** Record set **
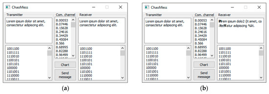 In order to validate the system for transmission of useful digital data, our team with the help of Alexander D. Zolkin converted the MATLAB/Simulink system diagrams into C++ code and used it to create the virtual test bed providing transmission of a test phrase. The main window of the testbed is presented at Figure 20a,b. The test phrase is “Lorem ipsum dolor sit amet, consectetur adipiscing elit”. As expected, the error of signal reconstruction in the proposed algorithm did not allow it to be used to transfer useful digital data without additional processing. As we needed only to validate the data transmission system, we only used multiple transmission as the simplest method of eliminating transmission errors. Figure 20a shows the result of the transmission with a number of retransmissions of 20,000.
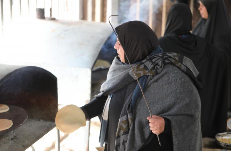تعمل مجموعة من النساء داخل مخبز أنشئ في مخيم اليرموك للاجئين بمدينة غزة ضمن مبادرة إنسانية بالشراكة مع اللجنة الدولية للصليب الأحمر. وتهدف المبادرة إلى تخفيف الأعباء المعيشية للنساء النازحات، خاصة خلال شهر رمضان.
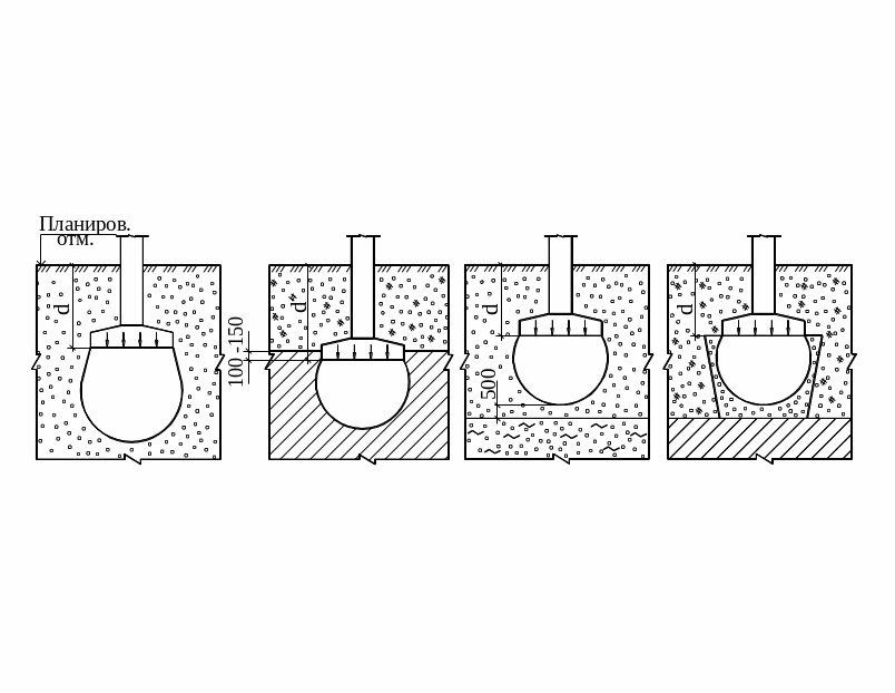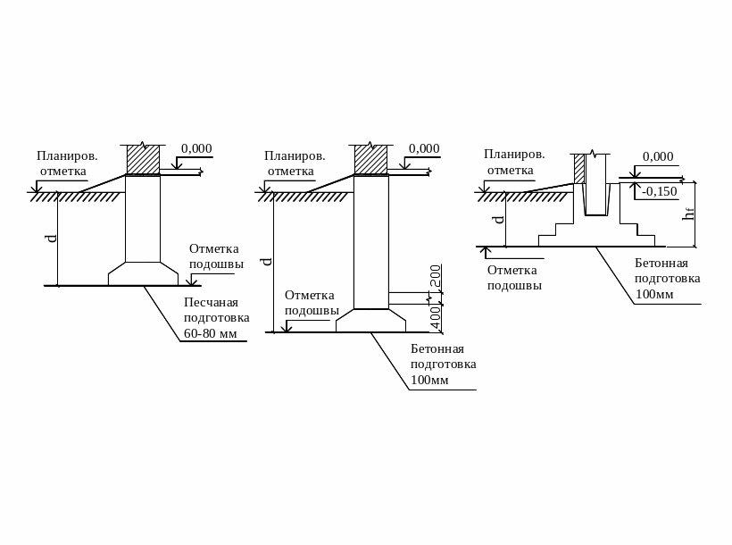 Рисунок 6.1 Примеры вариантов устройства оснований и фундаментов.
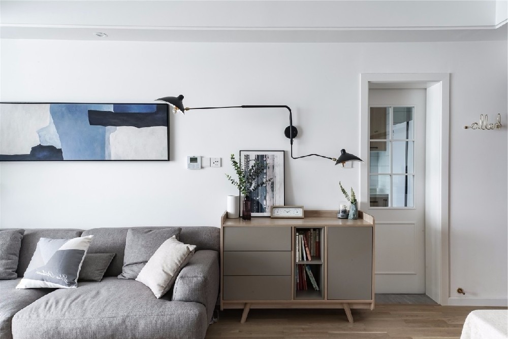 洁净的沙发墙上挂着一张横幅抽象画,灰色布艺沙发旁边一个小矮柜,在精致清新的摆饰品与绿植布置下,显得清新雅致。
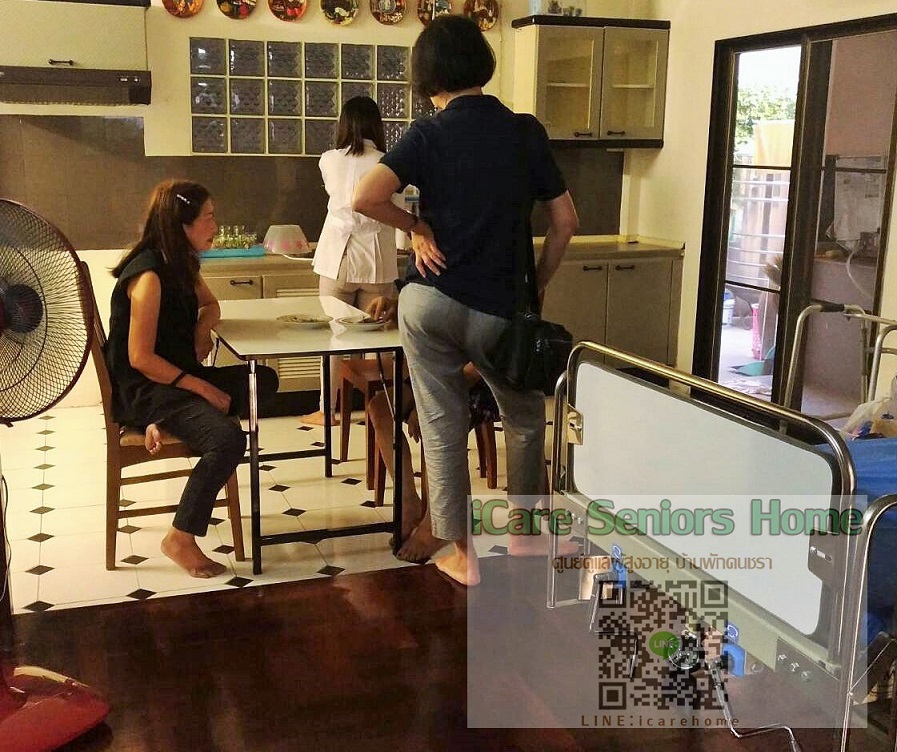 ศูนย์ดูแลผู้สูงอายุ บ้านพักคนชรา iCare Seniors Home ได้รับยาจากทางคุณอ้วนซึ่งเป็นน้องสาวของคุณป้าฟาน คุณอ้วนได้เจอ ผู้สูงอายุบ้านพักคนชรา iCare Seniors Home จากเว็บไซต์ ศูนย์ดูแลผู้สูงอายุ pantip โดยคุณอ้วนได้โทรศัพท์และขอเข้ามาดูสถาณที่จริง หลังจากได้มาดูบ้านกับทางญาติอีก 3 - 4 คน ทุกคนชอบ ศูนย์ดูแลผู้สูงอายุ ของเรามาก ทางญาติๆจึงตัดสินใจจองห้องรวมโดยทันที และได้วางมัดจำเงินไว้ 1,000 บาท โดย ราคา ศูนย์ดูแลผู้สูงอายุ ห้องแบบรวม ห้องรวมนี้จะมีทั้งหมด 5 เตียง โดยคุณป้าฟานเป็นคนแรกของห้องรวมนี้ มาตอนแรกๆคุณป้าบอกว่าศูนย์ดูแลผู้สูงอายุ ของเราร้อน ทาง iCare Seniors Home จึงได้เปิดแอร์ให้ตอนกลางคืน โดยหลังจากเปิดเครื่องปรับอากาศได้ 2 ชั่วโมง ทางคุณป้าฟานจึงบอกให้พนักงานปิดแอร์แล้วเปิดพัดลมแทนเนื่องจากรู้สึกหนาว คุณป้าฟานบอกดีว่าตอนอยู่ที่โรงพยาบาล ห้องที่พักอยู่นั้นมีการเปิดแอร์ตลอดเวลา ทำให้คุณป้าไม่ชินกับอากาศปกติ แต่พอได้เปิดพัดลมแล้วคุณป้ากลับชอบมากกว่าเครื่องปรับอากาศเสียอีก

** To do **
Each record should be written out exactly, and each image should be omitted.

** Response to the task **
 In order to validate the system for transmission of useful digital data, our team with the help of Alexander D. Zolkin converted the MATLAB/Simulink system diagrams into C++ code and used it to create the virtual test bed providing transmission of a test phrase. The main window of the testbed is presented at Figure 20a,b. The test phrase is “Lorem ipsum dolor sit amet, consectetur adipiscing elit”. As expected, the error of signal reconstruction in the proposed algorithm did not allow it to be used to transfer useful digital data without additional processing. As we needed only to validate the data transmission system, we only used multiple transmission as the simplest method of eliminating transmission errors. Figure 20a shows the result of the transmission with a number of retransmissions of 20,000.
تعمل مجموعة من النساء داخل مخبز أنشئ في مخيم اليرموك للاجئين بمدينة غزة ضمن مبادرة إنسانية بالشراكة مع اللجنة الدولية للصليب الأحمر. وتهدف المبادرة إلى تخفيف الأعباء المعيشية للنساء النازحات، خاصة خلال شهر رمضان.
 Рисунок 6.1 Примеры вариантов устройства оснований и фундаментов.
 洁净的沙发墙上挂着一张横幅抽象画,灰色布艺沙发旁边一个小矮柜,在精致清新的摆饰品与绿植布置下,显得清新雅致。
 ศูนย์ดูแลผู้สูงอายุ บ้านพักคนชรา iCare Seniors Home ได้รับยาจากทางคุณอ้วนซึ่งเป็นน้องสาวของคุณป้าฟาน คุณอ้วนได้เจอ ผู้สูงอายุบ้านพักคนชรา iCare Seniors Home จากเว็บไซต์ ศูนย์ดูแลผู้สูงอายุ pantip โดยคุณอ้วนได้โทรศัพท์และขอเข้ามาดูสถาณที่จริง หลังจากได้มาดูบ้านกับทางญาติอีก 3 - 4 คน ทุกคนชอบ ศูนย์ดูแลผู้สูงอายุ ของเรามาก ทางญาติๆจึงตัดสินใจจองห้องรวมโดยทันที และได้วางมัดจำเงินไว้ 1,000 บาท โดย ราคา ศูนย์ดูแลผู้สูงอายุ ห้องแบบรวม ห้องรวมนี้จะมีทั้งหมด 5 เตียง โดยคุณป้าฟานเป็นคนแรกของห้องรวมนี้ มาตอนแรกๆคุณป้าบอกว่าศูนย์ดูแลผู้สูงอายุ ของเราร้อน ทาง iCare Seniors Home จึงได้เปิดแอร์ให้ตอนกลางคืน โดยหลังจากเปิดเครื่องปรับอากาศได้ 2 ชั่วโมง ทางคุณป้าฟานจึงบอกให้พนักงานปิดแอร์แล้วเปิดพัดลมแทนเนื่องจากรู้สึกหนาว คุณป้าฟานบอกดีว่าตอนอยู่ที่โรงพยาบาล ห้องที่พักอยู่นั้นมีการเปิดแอร์ตลอดเวลา ทำให้คุณป้าไม่ชินกับอากาศปกติ แต่พอได้เปิดพัดลมแล้วคุณป้ากลับชอบมากกว่าเครื่องปรับอากาศเสียอีก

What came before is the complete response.